I've got a secret vice, an addiction that sometimes takes over my life... And migrates onto this blog. I am completely hooked on real estate listings.
Like many addicts I caught the bug from my parents. I moved around a lot as a kid, so I have been to a lot of open houses and a metric ton of house hunts. Consider me an expert on wobbly foundations, wibbly molding, and illegal additions.
Dropping me in downtown Detroit is like putting a chocoholic knee deep in Switzerland's finest black gold.
Texas-T.
Damn straight, it's enough to make me pull out a Beverley Hillbillies reference.

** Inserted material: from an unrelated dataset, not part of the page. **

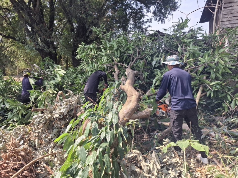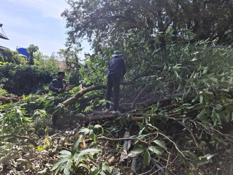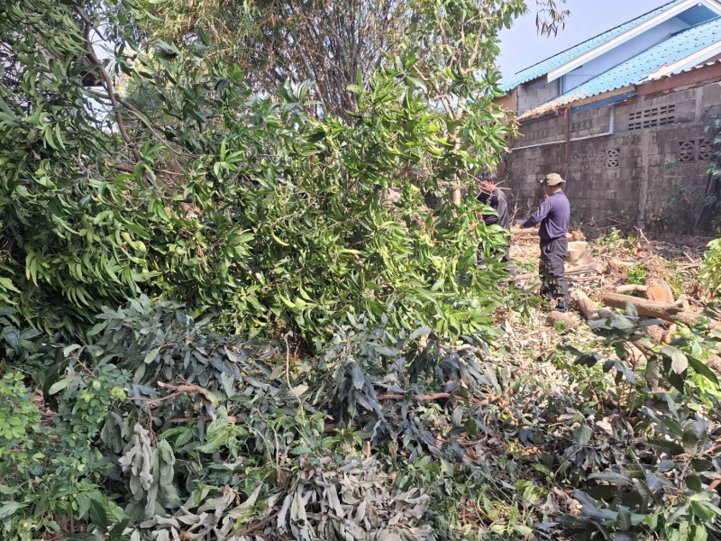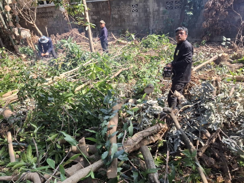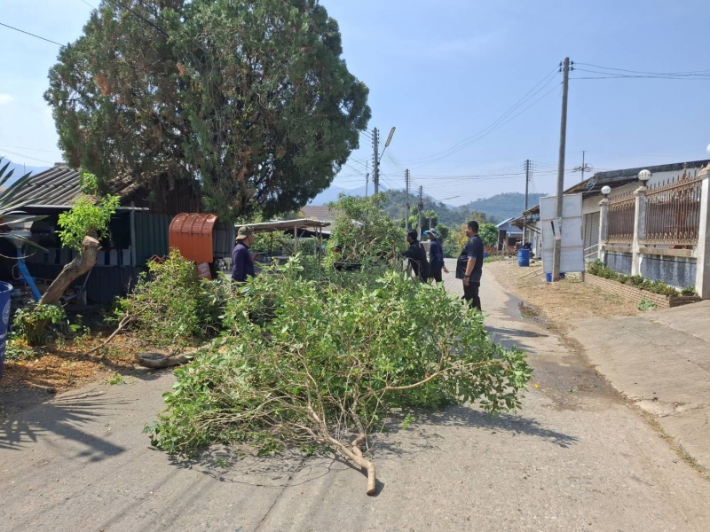 เจ้าหน้าที่งานป้องกัน ฯ ออกตัดแต่่งกิ่งไม้ที่ลุุกล้ำเส้นทางจราจร บริเเวณ ซอย 3

Unfortunately, like any kid in a candy shop I'm finding it hard to choose. My eyes are bigger than my head. I want them all... the historic gems on real estate websites for half what an 800 square foot ranch house in California would cost... and the abandoned bungalows, little more than windowless shacks sticking out of the snowy ground. As long as the roof's in good shape and the plumbing hasn't been stripped, I'd be happy to renovate. I even like renovating, almost as much as I like real estate listings, and if the place were in bad enough shape then I could do something really interesting. Replace entire walls with glass brick. Install an outdoor shower in the backyard. Redo an entire bathroom in cedar to make my own sauna. I don't do plumbing, and I don't do electricity but other than that I'm willing to bungle almost anything, consider me locked, loaded, and ready to go.
All I need is a registered deed, a crowbar, and a pallet full of Mexican tile.
It's cheaper than therapy.
Otherwise I just might have to join Real Estate Anonymous.
I might have to start Real Estate Anonymous. Friends of This Old House.